Introduction
Human societies are under increasing pressure to halt unprecedented biodiversity loss (Caro et al. 2022; Cowie et al. 2022). Given the magnitude of current environmental impacts, this will require quickly protecting a considerable portion of the Earth’s biomes, moving from the currently protected ~ 17% of the planet surface to 30% before 2030 (Dinerstein et al. 2019; Maxwellet al. 2020). Yet, our understanding of natural phenomena remains at best partial across most of the planet (Hortal et al. 2015; Hughes et al. 2021). There is, therefore, an urgent need to identify general conservation principles that would allow the most effective habitat protection in the face of limited knowledge about particular ecosystems (Currie 2019; Arroyo-Rodríguez et al. 2020; Fahrig et al. 2022).
One of the most widely applied such general principles for biodiversity conservation, first proposed by Diamond (1975), is the SL > SS principle that a single large patch (or a few large patches) has higher conservation value than several small patches. Although the SL > SS principle seems intuitive, both historical (Simberloff & Abele 1976; Quinn & Harrison 1988) and recent (Deane et al. 2020; Fahrig 2020; Hammill & Clements 2020; Riva & Fahrig 2022) evidence support the opposite SS > SL pattern, that a set of many small patches usually harbors more species than a set of few large patches totaling the same area. In addition, many studies suggest high potential of small patches for conservation of rare species, provision of ecosystem services, and optimal reserve design (Bennett & Arcese 2013; Tulloch et al.2016; Hunter et al. 2017; Deane & He 2018; Wintle et al.2019; Valdés et al. 2020; Yan et al. 2021). Nevertheless, the idea that habitat in large patches is disproportionately important for biodiversity is strongly entrenched in conservation research and practice (Wintle et al. 2019; Fahrig et al. 2022).

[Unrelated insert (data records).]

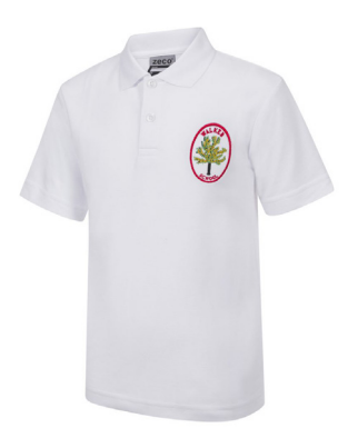
Walker Polo Shirt 65% Polyester / 35% Cotton From £7.95
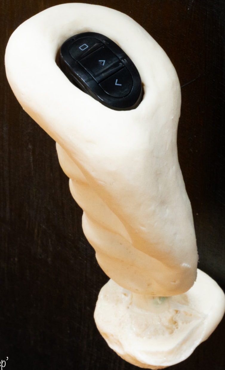
Lukas Hoffmann Untitled Remote Control as part of '2 2civilcourage makes me weep' foam cast with remote control, slide show, size and duration variable 2018
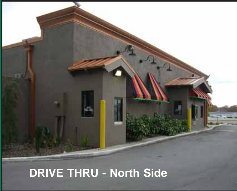
DRIVE THRU - North Side
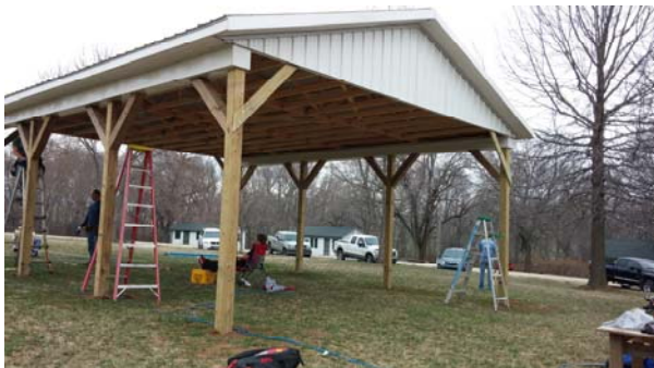
New pavilion donated by the Oshel family and dedicated in memory of Clifford Oshel
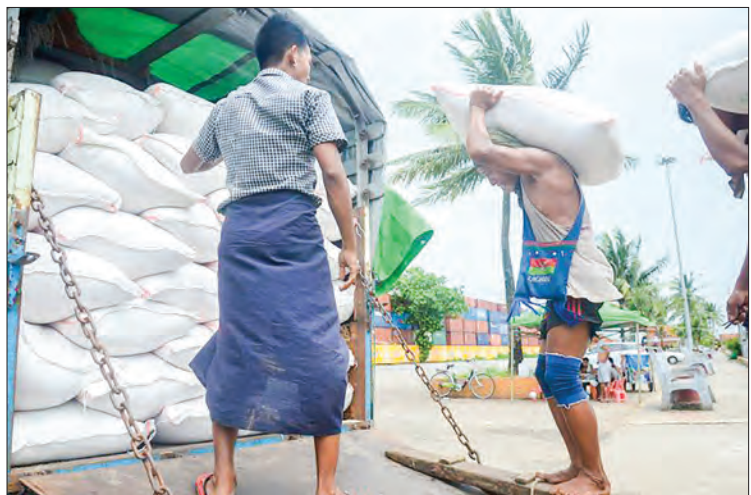
Workers load a vehicle with rice bags at a port in Yangon.
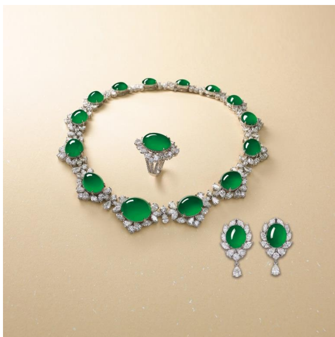
Extremely Rare and Important Jadeite and Diamond Necklace, Pair of Earrings and a Ring From an Important Asian Collection Estimate upon request
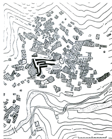
Fig. 5 The location of Bazar in Masouleh

With the expansion of Masouleh houses in south or south west, the dwellers enjoyed enough sunlight in winter and local airflow in summer.
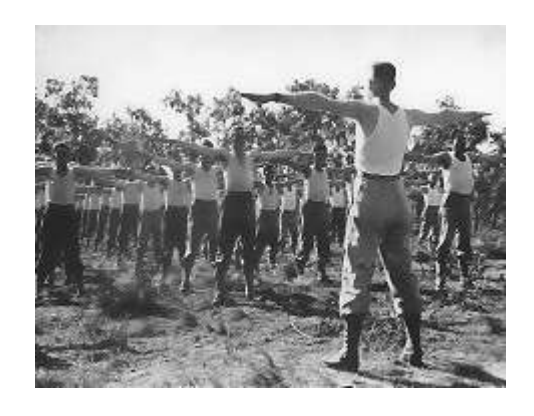
From calisthenics to conditioning marches to obstacle courses, physical training hardened the mind and the body.

In this phase, the Division sequentially built squads, platoons, companies, and battalions through a series of field problems. The intensity of training rose with the Carolina temperature, and personnel attrition took its toll. Between activation and the end of June, 1943, the Division lost over two thousand soldiers to injuries and other problems; nearly 1,000 more volunteered for and were transferred to the Air Corps, airborne divisions, or other advanced training programs; and about 500 men were selected for and left to join the Army Specialized Training Program (ASTP). The latter program, designed to use especially intelligent soldiers for the more esoteric military tasks inherent to modern warfare, would later play a large role in the Division's history.

Persistence of the SL > SS principle over more than four decades despite evidence to the contrary is largely due to the assumption that the SL > SS principle is valid for species of conservation concern, many of which are habitat specialists that require large expanses of continuous habitat. The SL > SS inference is also expected to hold when the matrix separating habitat patches is hostile to those species. Nevertheless, recent tests do not support these ideas. Species richness of habitat specialists and of threatened or declining species is generally higher across several small than few large patches, and the direction of this relationship does not change when the matrix is hostile (Fahrig 2017, 2020; Riva & Fahrig 2022). Thus, it seems reasonable to ask – should the SL > SS principle be reversed ? In other words, when a choice must be made, should the default principle be to protect many small patches, i.e., SS > SL? The evidence to date supports such a shift, but science is conservative, erring on the side of the status quo unless and until the evidence is overwhelming.
Here we bring the evidence to that tipping point by adding analyses of 76 metacommunities, including 4401 species and 1190 patches, from the database compiled by Chase et al. (2019). Implementing a novel resampling algorithm, we synthesize the largest unbiased (rarefied) metacommunity dataset generated to date for the “SLOSS” question: for the same total area, is biodiversity higher in several small patches or in one or a few large patches? Based on the results, we propose a new principle for biodiversity conservation – for a given total area, protecting the largest possible number of patches, including very small ones, will maximize biodiversity for most taxa . This is opposite to current strategies that typically target for protection patches orders of magnitude larger than the smaller patches in the database we analyzed. Immediate recognition of the value of small patches is therefore fundamental to global biodiversity conservation.